Remember that the energy is not distributed evenly amongst the individual molecules, but instead some are faster and some are slower. (We shall ignore vibrational modes and such for the sake of simplicity.)

When a certain molecule at the surface of the water has a kinetic energy that is higher than the potential energy from the intermolecular forces; it can overcome the latter and fly away from its neighbors, because the intermolecular forces fall off rapidly, it is essentially moving freely now.

Similarly, a currently free molecule might have a lower than average speed and become "stuck" at the surface of the water, typically transferring some momentum to the body of water.

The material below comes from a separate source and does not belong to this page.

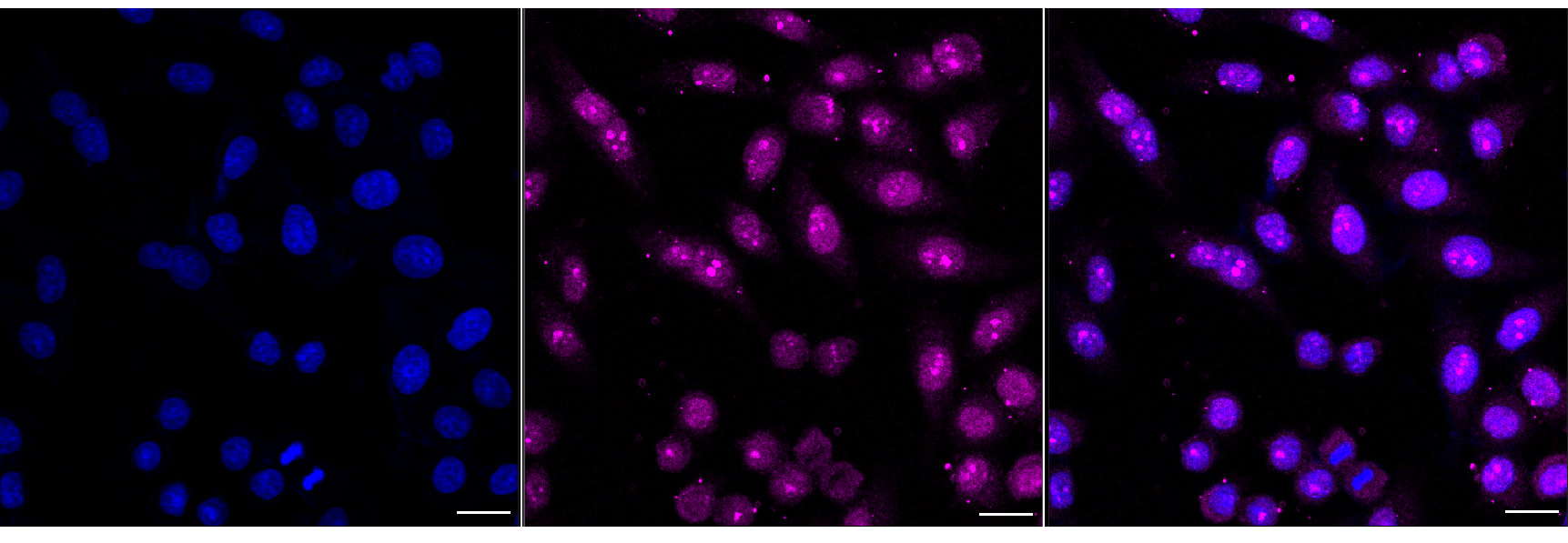 • Immunocytochemical staining of HepG2 cells with ATP6V1A antibody. Nuclei were stained blue with DAPI; ATP6V1A was stained magenta with Alexa Fluor® 647. Images were taken using Leica stellaris 5. Protein abundance based on laser Intensity and smart gain: Medium. Scale bar, 20 μm.

After a while, a dynamical equilibrium depending on the velocity distribution (i.e. temperature) and the amount of water vapour per volume (partial pressure) will develop. A higher temperature increases the amount of molecules that randomly have a high enough energy to overcome intermolecular forces; whereas the amount of water vapour increases the likelyhood of a water molecules hitting the surface.

That said likelyhood is independent¹ of the pressure of other gasses is not quite easy to see though; for example, one might argue that the mean-free-path is heavily reduced when the ambient pressure is higher. To speak of the vapour pressure however, our system (i.e. slightly moist air and slightly aerated water) must be in a thermodynamic equilibrium². Clearly in equilibrium water molecules are spread evenly across all the space available for the gasses, well mixed with the others constituents of the air.³ (Also clearly, I hope) this is so regardless of the pressure/density that the inert gasses have.

I hope these considerations make clear why only the partial pressure is relevant for evaporation. For very readable explanations of this and similar topics I'd recommend the textbook Thermal Physics by Stephen and Katherine Blundell.


¹ Or almost independent; at very high pressures there are intermolecular forces in the gas complicating things. The ideal gas assumption is very accurate in the troposphere though.

² If you have e.g. a test tube that is open to the atmosphere with a bit of water at the bottom, you would have a gradient with saturated air at the bottom and drier air at the top of the tube. The steepness of that gradient does slightly depend on pressure. Personally considerations like these confused me greatly when first learning about partial pressures and such.

³ Gravity would make for slight gradients, but let's ignore that for now.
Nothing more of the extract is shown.